War is a state of armed conflict between different nations or states or different groups within a nation or state. Now, a conflict has been described as one in which a political party is at war with women. I am a woman – and wonder how to respond, lest I am caught in the cross hairs of one faction or another.
The weapons are words – some portend personal legislative and economic changes that could deny many of the rights I enjoy. Other words hurt – suggesting that how one woman chose to live her life invalidates her political opinions. And this re-kindled some memories of skirmishes I encountered in the late 70’s and ‘80’s.
I sympathize with Ms. Rosen – she revealed an opinion, as did a radio personality a few weeks ago, which generated heat, but not much light. Both Ms. Rosen and Mr. Limbaugh expressed opinions that represent opposite and deeply felt convictions about how we [should] live. However, in the on-going clash of deeply held convictions, making our political points so personal impedes conversation.
Waging war with words can lead to battles that secure no peace.
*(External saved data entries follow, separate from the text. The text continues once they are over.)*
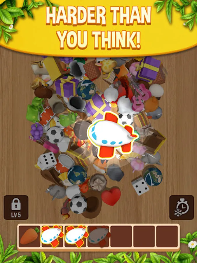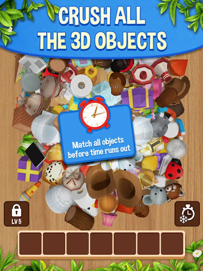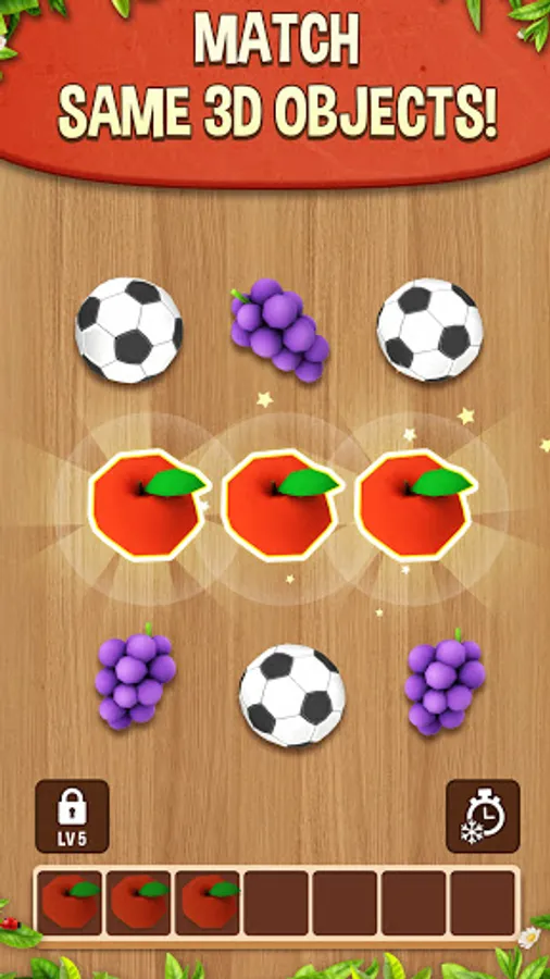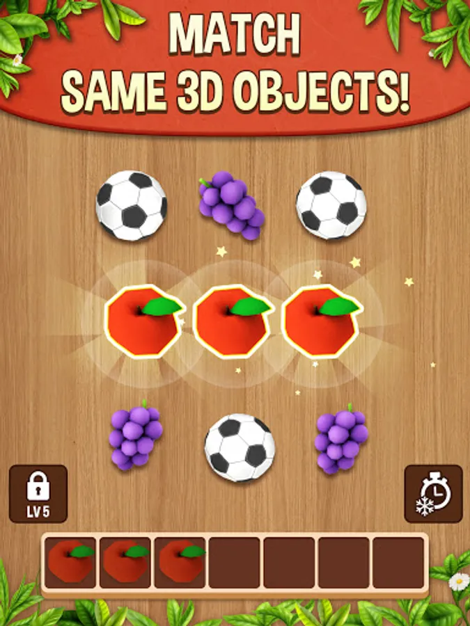 ◈ Just tap to place the 3D objects into the box. Three same objects will be collected. Collect all the objects as fast as possible.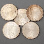 Acht zilveren 10-gulden munten, Juliana, 1970-1973, zes zilveren 10-gulden munten, Beatrix, 1994-1997, vier zilveren 50-gulden munten, vijf zilveren rijksdaalders, Juliana, 1959-1961, totaalgewicht 464 gram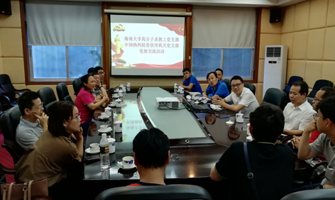 海南大学与中国热带农业科学院源远流长,双方在科技合作和人才培养等上具有明显的互补性。在党支部书记赵艳芳教授的带队下,高分子系教工党支部党员、民主党派和无党派人士一行13人与中国热带农业科学院香饮所副所长、副书记、纪委书记练飞松,办公室主任詹小康,加工与工程技术研究室主任、研究员张彦军等同志就“海南自由贸易港建设总体方案”框架下“我们能为自贸港贡献什么,我们如何建功自贸港”展开了广泛的交流。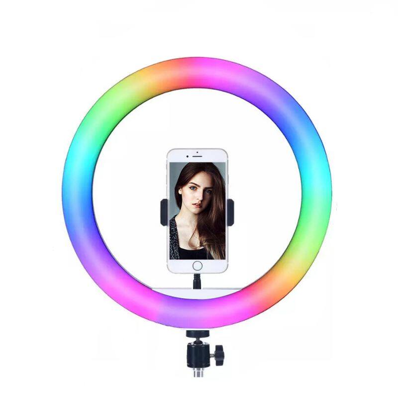- Горячие продажи: 18-дюймовая светящаяся кольцевая лампа для макияжа, светодиодная кольцевая лампа с тремя стойками 14, 18, 22 дюйма, подсветка для селфи, RGB кольцевая лампа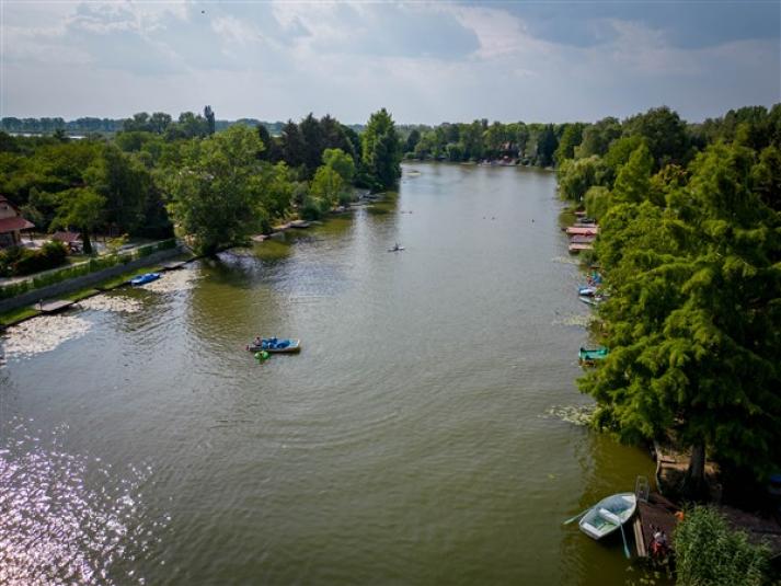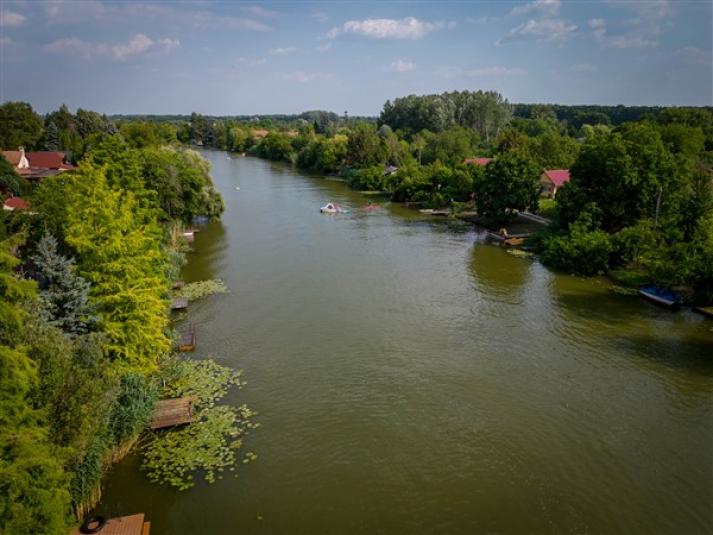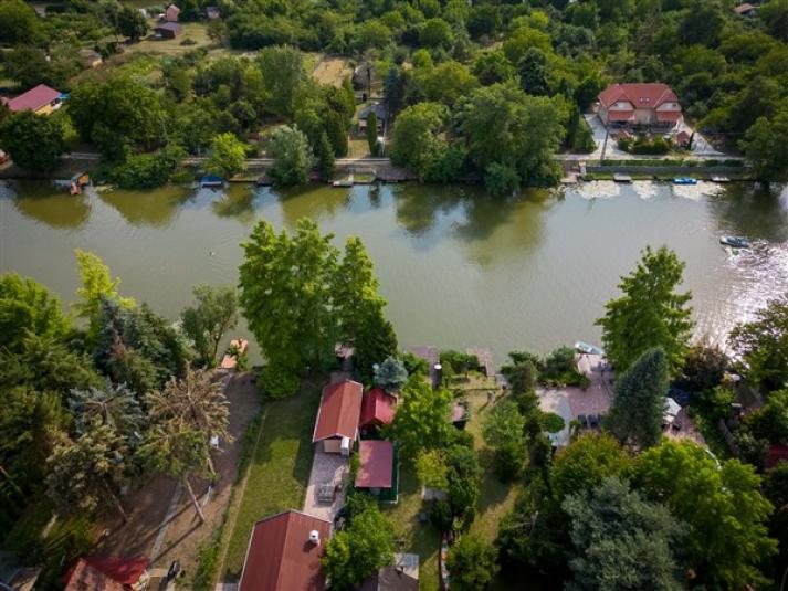 6+2 férőhelyes, 2 szobás, földszintes, hűtő-fűtő légkondicionálóval felszerelt nyaraló közvetlen a Kákafoki-holtág vízpartján, az Arborétumi üdülősoron.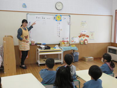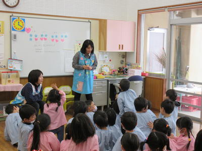 桃太郎に来てもらうといいということになり、今日は「桃太郎」の絵本の読み聞かせになりました。

Staying home to raise our kids was our choice – a choice based on our sense that personally and economically it made sense for us. When we flirted with the idea of me going to work outside the home, running a few of the numbers showed us the return on that investment would be minimal. However, the decision dismayed one of our kids: most of their friends’ moms worked --- and that I did not was a bit of an embarrassment.
In the ensuing years, I thought we were past the implication that women who chose to stay home were not as equally informed citizens as women who worked and men. I thought that “choice” included other decisions than simply reproductive rights.
Accusing our political parties of “waging war” on other Americans shuts off the conversation that we Americans should be thinking about – the role of government in our daily lives, as well as our national life. Getting personal, like Ms. Rosen and Mr. Limbaugh did, obscure the ability to see how women around the world are denied liberties that American women enjoy.
When I read about how people live in many other countries, if even a portion of the reports is a true, Americans should take a good long look at what we have (warts and all) and get off demonizing each other.
· Women, who work in the home or outside the home or both, know economic realities.
· Women who are battling their own, or loved ones’ disabling diseases know a thing or two about health care and medical insurance.
· Women all know that our children face dangers and opportunities that were unimaginable when we were growing up. We all worry about how to communicate with them so we can pass along want we have learned.
· Women who care for their parents while caring for their own families or themselves know about the limits of Medicare and Social Security.
· Women whose spouses or sons have gone to war know its cost in ways no one else does, except men whose wives and daughters have been killed or maimed.
Our news and social media outlets are purveyors of arms (warring words and images) that are escalating our conflicts. See the brouhaha they fomented by blogs and tweets about SC Governor Nikki Haley’s income taxes! Whether and how they might restrain their “sales” of these weapons are worthwhile questions.
Alas, there’s scant profit in being civil.